- [Work to complete]
Each entry must be given again exactly as it appears, with images excluded.
*** Begin section ***
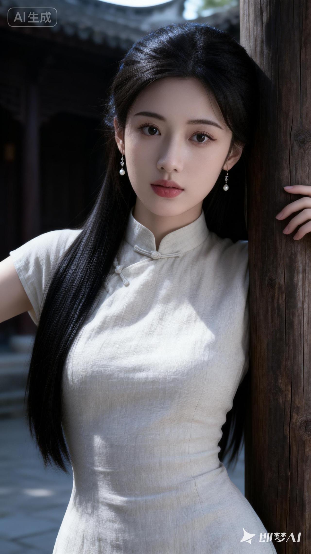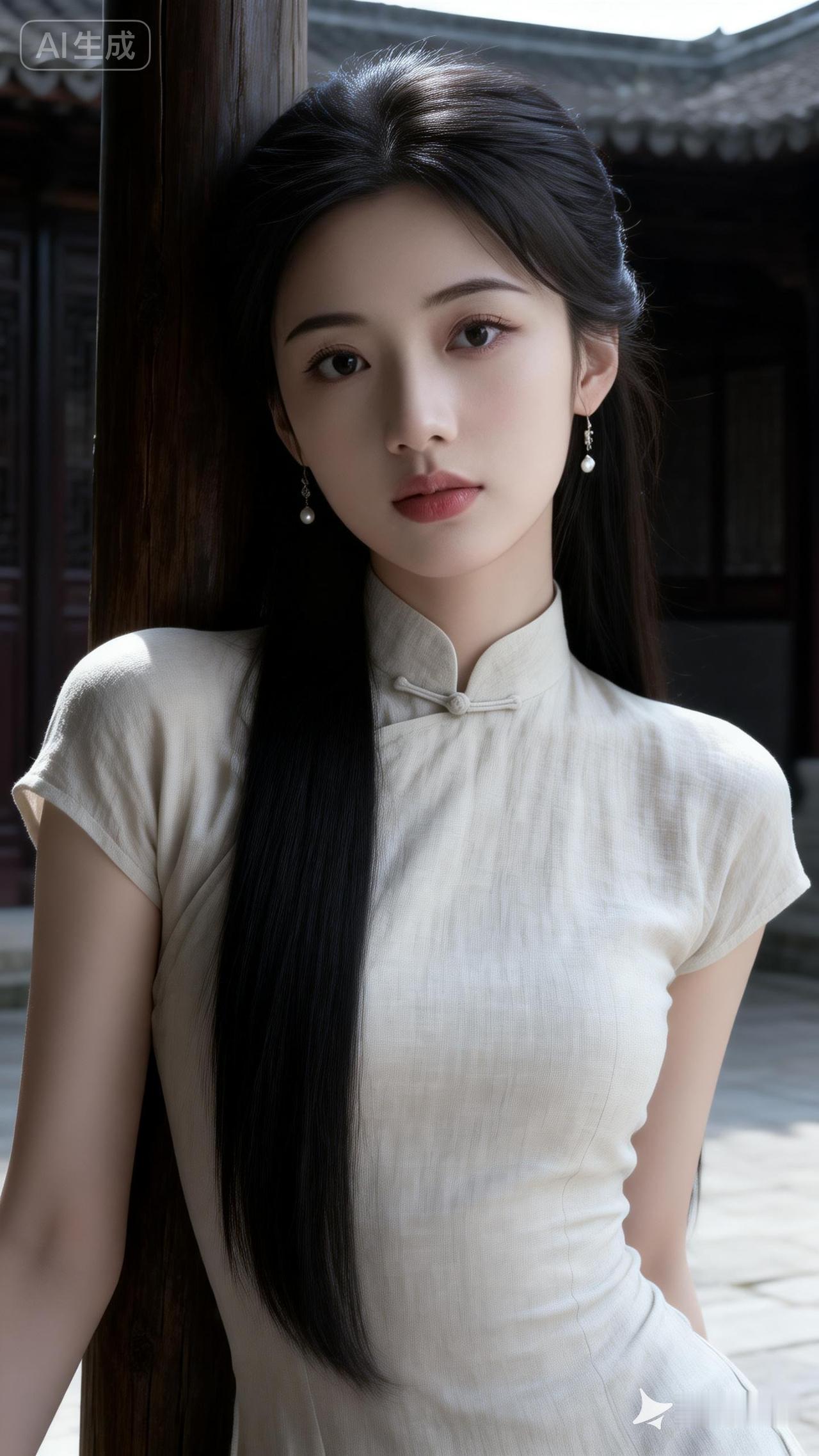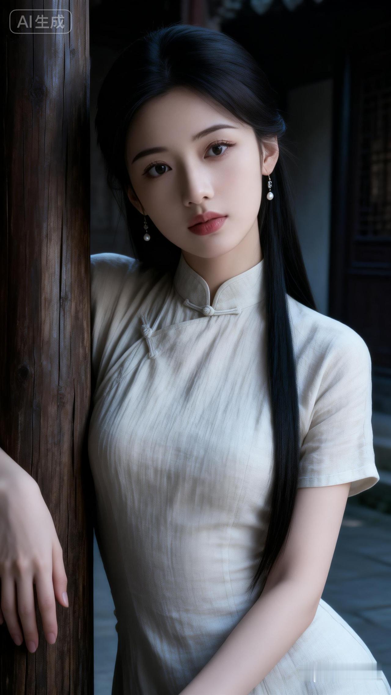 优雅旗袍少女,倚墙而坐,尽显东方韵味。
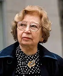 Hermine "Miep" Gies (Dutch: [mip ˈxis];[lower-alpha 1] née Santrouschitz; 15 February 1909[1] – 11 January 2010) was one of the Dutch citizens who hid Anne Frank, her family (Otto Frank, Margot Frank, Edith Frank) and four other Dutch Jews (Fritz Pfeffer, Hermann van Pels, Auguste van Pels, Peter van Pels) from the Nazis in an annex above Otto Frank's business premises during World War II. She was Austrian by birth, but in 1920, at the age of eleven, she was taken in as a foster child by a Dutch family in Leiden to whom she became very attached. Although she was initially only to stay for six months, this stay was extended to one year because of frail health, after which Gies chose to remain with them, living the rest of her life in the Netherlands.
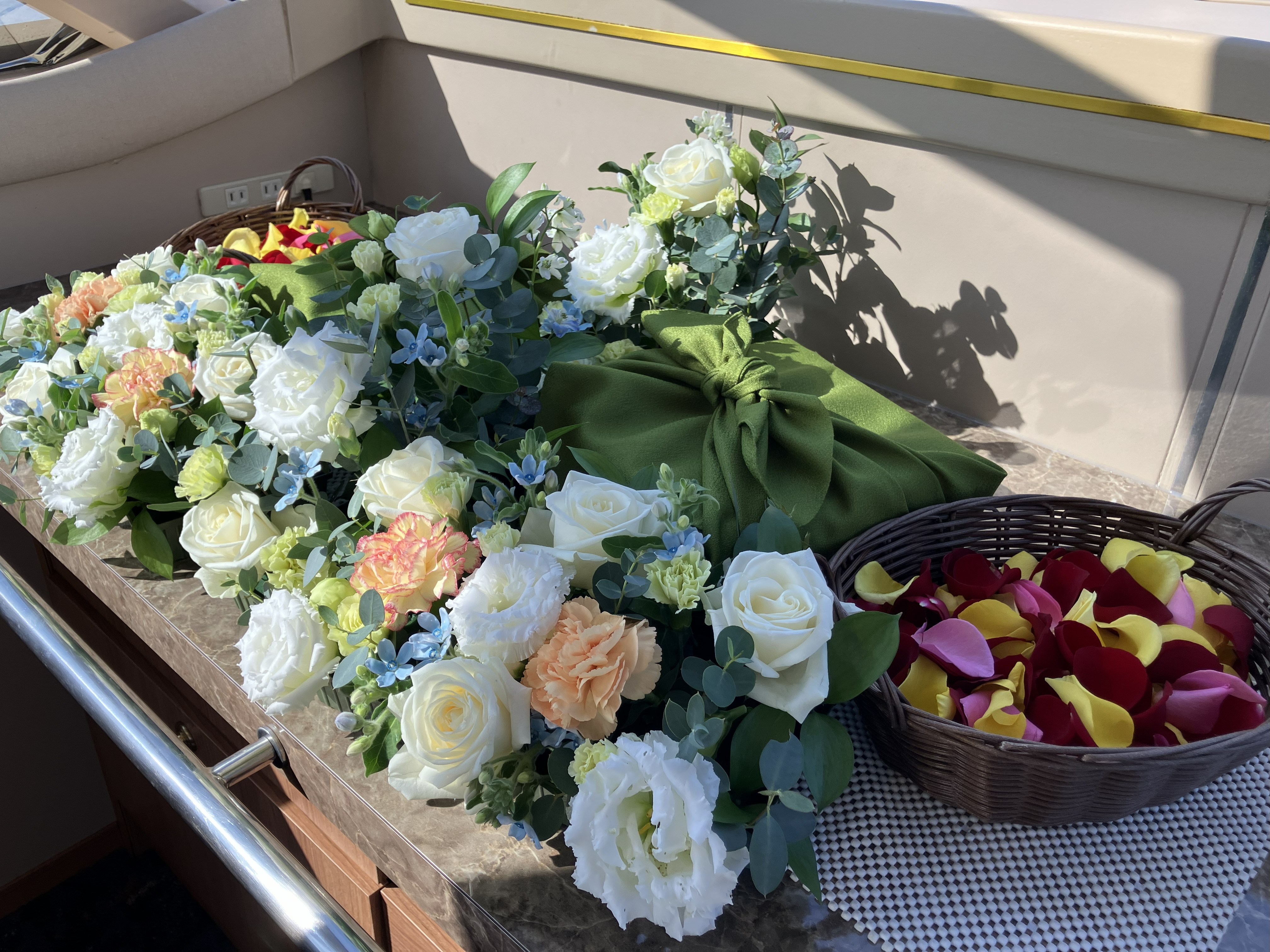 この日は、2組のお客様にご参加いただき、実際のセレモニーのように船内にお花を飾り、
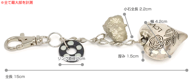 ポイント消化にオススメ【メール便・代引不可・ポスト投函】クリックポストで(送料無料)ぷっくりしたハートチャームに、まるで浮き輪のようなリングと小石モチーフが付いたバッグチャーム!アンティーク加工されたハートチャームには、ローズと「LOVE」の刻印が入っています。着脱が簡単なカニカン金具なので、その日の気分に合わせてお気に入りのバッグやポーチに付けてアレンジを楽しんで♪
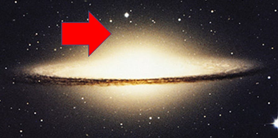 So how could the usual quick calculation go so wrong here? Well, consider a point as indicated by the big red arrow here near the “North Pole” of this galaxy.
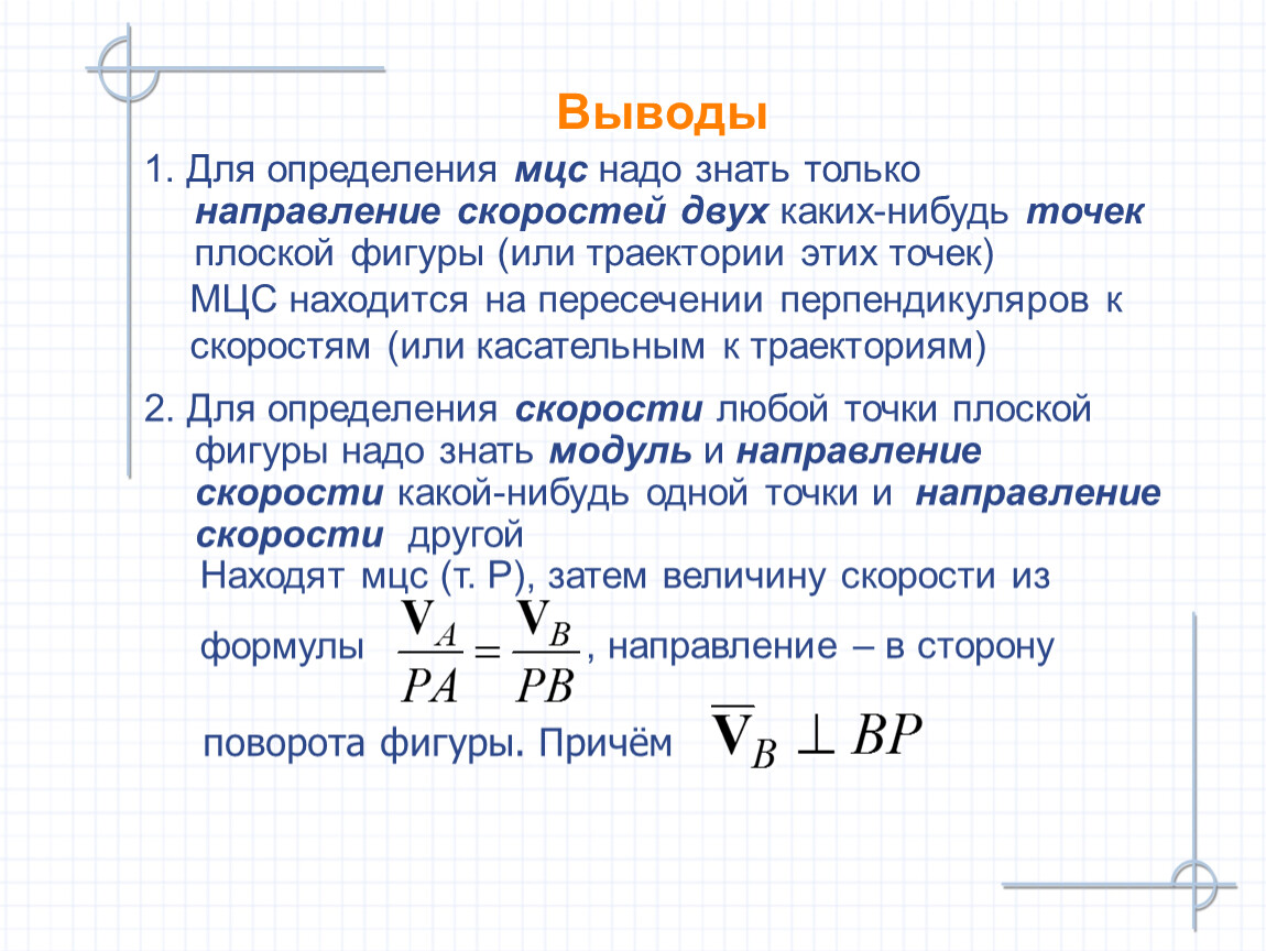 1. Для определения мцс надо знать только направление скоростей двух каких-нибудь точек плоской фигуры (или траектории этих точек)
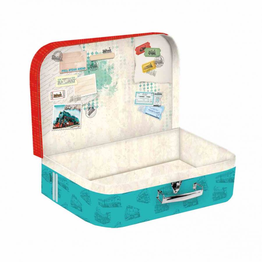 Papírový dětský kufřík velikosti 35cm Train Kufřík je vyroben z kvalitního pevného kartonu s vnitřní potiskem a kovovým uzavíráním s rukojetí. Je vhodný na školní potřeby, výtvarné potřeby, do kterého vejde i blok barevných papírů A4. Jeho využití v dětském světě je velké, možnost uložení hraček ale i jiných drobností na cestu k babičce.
*** End section ***
- [Response]
 优雅旗袍少女,倚墙而坐,尽显东方韵味。
 Hermine "Miep" Gies (Dutch: [mip ˈxis];[lower-alpha 1] née Santrouschitz; 15 February 1909[1] – 11 January 2010) was one of the Dutch citizens who hid Anne Frank, her family (Otto Frank, Margot Frank, Edith Frank) and four other Dutch Jews (Fritz Pfeffer, Hermann van Pels, Auguste van Pels, Peter van Pels) from the Nazis in an annex above Otto Frank's business premises during World War II. She was Austrian by birth, but in 1920, at the age of eleven, she was taken in as a foster child by a Dutch family in Leiden to whom she became very attached. Although she was initially only to stay for six months, this stay was extended to one year because of frail health, after which Gies chose to remain with them, living the rest of her life in the Netherlands.
 この日は、2組のお客様にご参加いただき、実際のセレモニーのように船内にお花を飾り、
 ポイント消化にオススメ【メール便・代引不可・ポスト投函】クリックポストで(送料無料)ぷっくりしたハートチャームに、まるで浮き輪のようなリングと小石モチーフが付いたバッグチャーム!アンティーク加工されたハートチャームには、ローズと「LOVE」の刻印が入っています。着脱が簡単なカニカン金具なので、その日の気分に合わせてお気に入りのバッグやポーチに付けてアレンジを楽しんで♪
 So how could the usual quick calculation go so wrong here? Well, consider a point as indicated by the big red arrow here near the “North Pole” of this galaxy.
 1. Для определения мцс надо знать только направление скоростей двух каких-нибудь точек плоской фигуры (или траектории этих точек)
 Papírový dětský kufřík velikosti 35cm Train Kufřík je vyroben z kvalitního pevného kartonu s vnitřní potiskem a kovovým uzavíráním s rukojetí. Je vhodný na školní potřeby, výtvarné potřeby, do kterého vejde i blok barevných papírů A4. Jeho využití v dětském světě je velké, možnost uložení hraček ale i jiných drobností na cestu k babičce.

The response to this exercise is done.